Task details: Your task is to transcribe the data exactly while omitting each picture.

Start of Supplied data

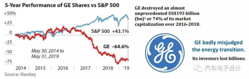 IEEFA美國能源經(jīng)濟(jì)和金融分析研究所發(fā)布了一份報告,《General Electric Misread the Energy Transition: A Cautionary Tale》里面闡述了美國通用電氣公司嚴(yán)重誤讀了能源變化的趨勢,特別是全球各國在2015年在《巴黎協(xié)定》之后電力能源結(jié)構(gòu)的轉(zhuǎn)化,在戰(zhàn)略方向上和業(yè)務(wù)上的判斷的錯誤,使得通用電氣的股東付出了巨大的代價。通用電氣的市值在短短三年內(nèi)就損失了1930億美元,占其市值的74% 。
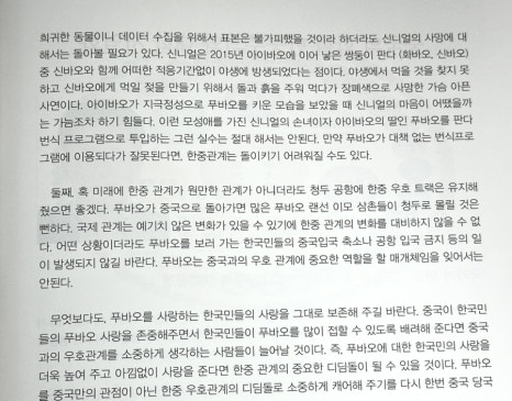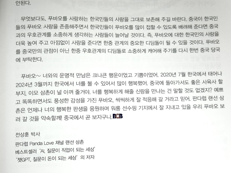 푸바오~ 너와의 운명적 만남은 크나큰 행운이었고 기쁨이었어. 2020년 7월 한국에서 태어나 2024년 3월까지 한국에서 너를 볼 수 있어서 많이 행복했어. 중국에 돌아가서도 좋은 사육사 할부지, 이모 삼촌이 널 아껴 줄거야. 너를 행복하게 해줄 신랑을 만나는 건 말할 것도 없겠지? 예쁘고 똑똑하면서도 풍성한 감성을 가진 푸바오, 씩씩하게 잘 적응해갈거라고 믿어. 판다럽 랜선 삼촌은 언제나 너의 행복한 판생을 응원하며 워룽 선수핑 기지에서 잘 지내고 있을 우리 푸바오 보러 갈 것을 약속할께! 중국에서 곧 보자구나.
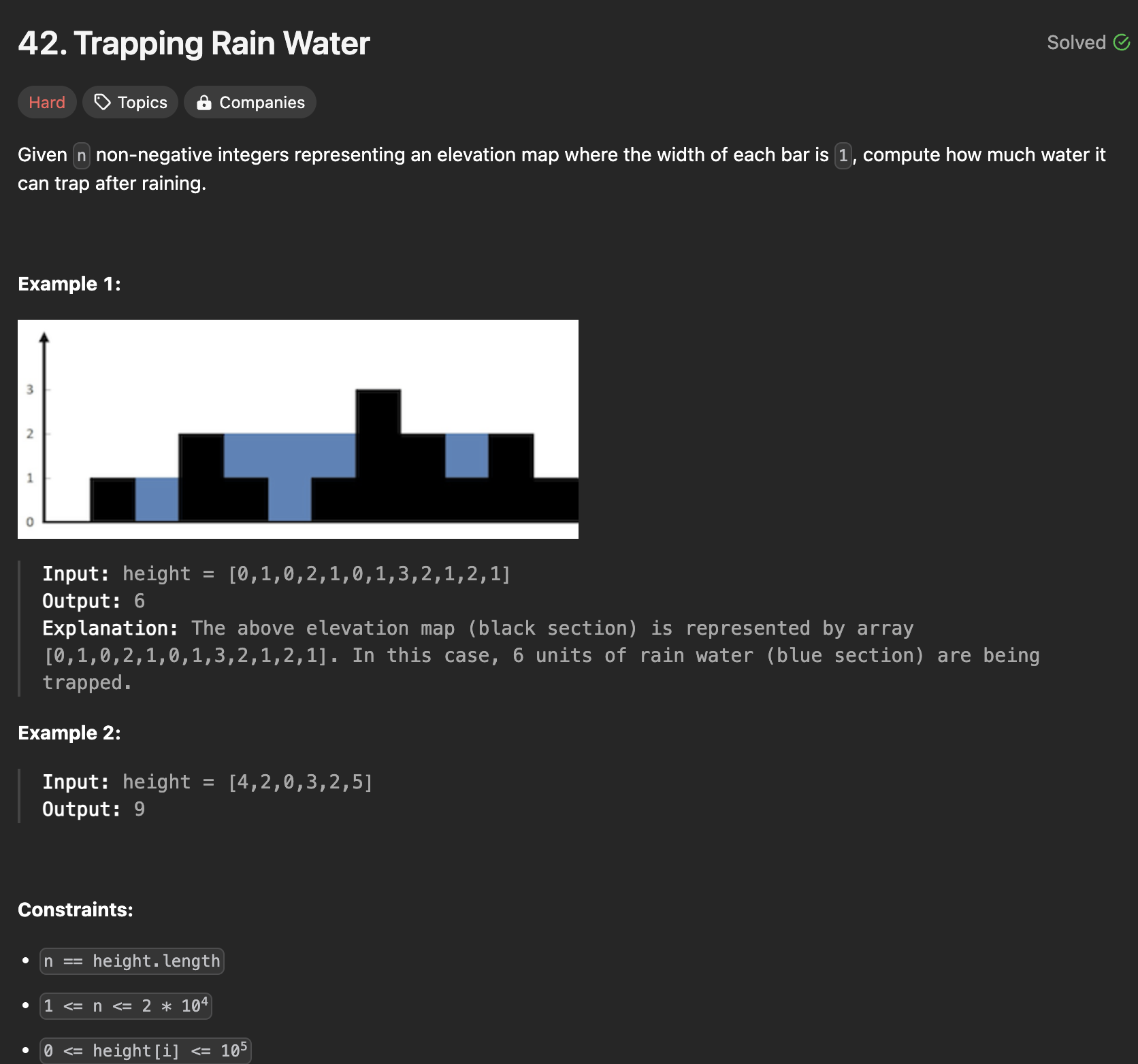 오늘은 리트코드(leetcode) 42번 문제 trapping rain water에 관해 풀어보겠습니다.

End of Supplied data

Exercise response:
 IEEFA美國能源經(jīng)濟(jì)和金融分析研究所發(fā)布了一份報告,《General Electric Misread the Energy Transition: A Cautionary Tale》里面闡述了美國通用電氣公司嚴(yán)重誤讀了能源變化的趨勢,特別是全球各國在2015年在《巴黎協(xié)定》之后電力能源結(jié)構(gòu)的轉(zhuǎn)化,在戰(zhàn)略方向上和業(yè)務(wù)上的判斷的錯誤,使得通用電氣的股東付出了巨大的代價。通用電氣的市值在短短三年內(nèi)就損失了1930億美元,占其市值的74% 。
 푸바오~ 너와의 운명적 만남은 크나큰 행운이었고 기쁨이었어. 2020년 7월 한국에서 태어나 2024년 3월까지 한국에서 너를 볼 수 있어서 많이 행복했어. 중국에 돌아가서도 좋은 사육사 할부지, 이모 삼촌이 널 아껴 줄거야. 너를 행복하게 해줄 신랑을 만나는 건 말할 것도 없겠지? 예쁘고 똑똑하면서도 풍성한 감성을 가진 푸바오, 씩씩하게 잘 적응해갈거라고 믿어. 판다럽 랜선 삼촌은 언제나 너의 행복한 판생을 응원하며 워룽 선수핑 기지에서 잘 지내고 있을 우리 푸바오 보러 갈 것을 약속할께! 중국에서 곧 보자구나.
 오늘은 리트코드(leetcode) 42번 문제 trapping rain water에 관해 풀어보겠습니다.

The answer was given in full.